Sciences and religions in the late modern period

Mohammed Arkoun: from applied Islamology to human sciences

Mohammed Arkoun's scientific project is laid out in a book published in French in 1984 under the title Pour une critique de la raison islamique (Towards a critique of Islamic Reason) in this study and in most of his works, the author distinguishes between two levels at which to approach the “Islamic cultural heritage”: applied Islamology and the methodology of the human sciences. The first level makes it possible to take on board all the intellectual and traditional production with a view to come to grips with “medieval Islam's outlook”, the second level seeks to draw the “Islamic spirit” out of its specific, defined realm by setting texts and practices within a universal socio-historical mindscape. Applied Islamology is a multidisciplinary scientific practice. It is a new science that is different from the classical study of Islam arising from a cold Eurocentrist-Orientalist discourse content with transmitting the writings of ulama into European languages without analyzing them. It is an ambitious and multifaceted project casting a scientific light on the Muslim tradition, including the Quran, the Hadith, biographies of the Prophet of Islam and major commentaries.

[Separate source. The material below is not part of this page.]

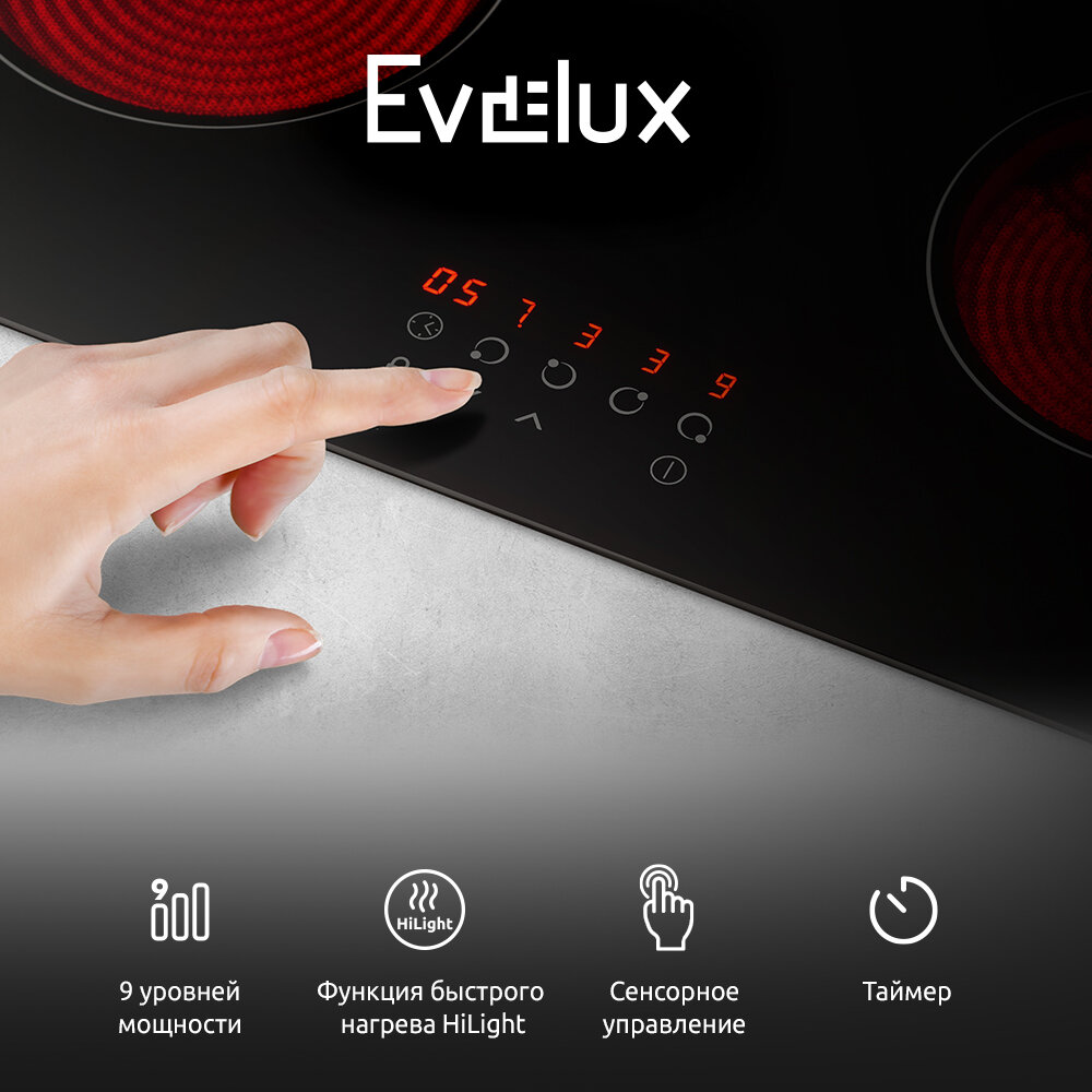 Варочная панель EVELUX электрическая, стеклокерамика, Hi Light, 60 см, 4 конфорки, сенсорное управление, 9 уровней мощности, таймер 1-99 мин, блокировка управления, защитное отключение, 6000 Вт, черное стекло, 590х520х50 мм.

One of the salient distinctions Arkoun proposes is between “classical Islamic thought” that is purely religious and “classical thought in Islamic contexts” which is philosophical in connection with the religious but not exclusively. Another distinction helps compare and contrast the “Quranic phenomenon” and the “Islamic phenomenon” or in other words the “Quranic fact” and the Islamic fact”. Arkoun notes that in the early days of the Muslim community, precedence was given to the oral “Quranic word”, supreme and absolute reference since given as the “word of God”. Later on, he says, it was superseded by the written “Islamic word”, arbitrarily manipulated by social and political actors. Historically, two sciences brought that shift about: the "founding principles of Islam" and the “principles of jurisprudence”. Opening the era of interpretations, the founders of the four Sunni schools (Shafii , Hanbali , Maliki and Hanafi) finally established a sort of separation between the Muslims and the Quran. The upshot is, Arkoun writes, that Muslims no longer dare risk a personal interpretation of the Quran, they have no knowledge of the times in which it appeared or what it meant.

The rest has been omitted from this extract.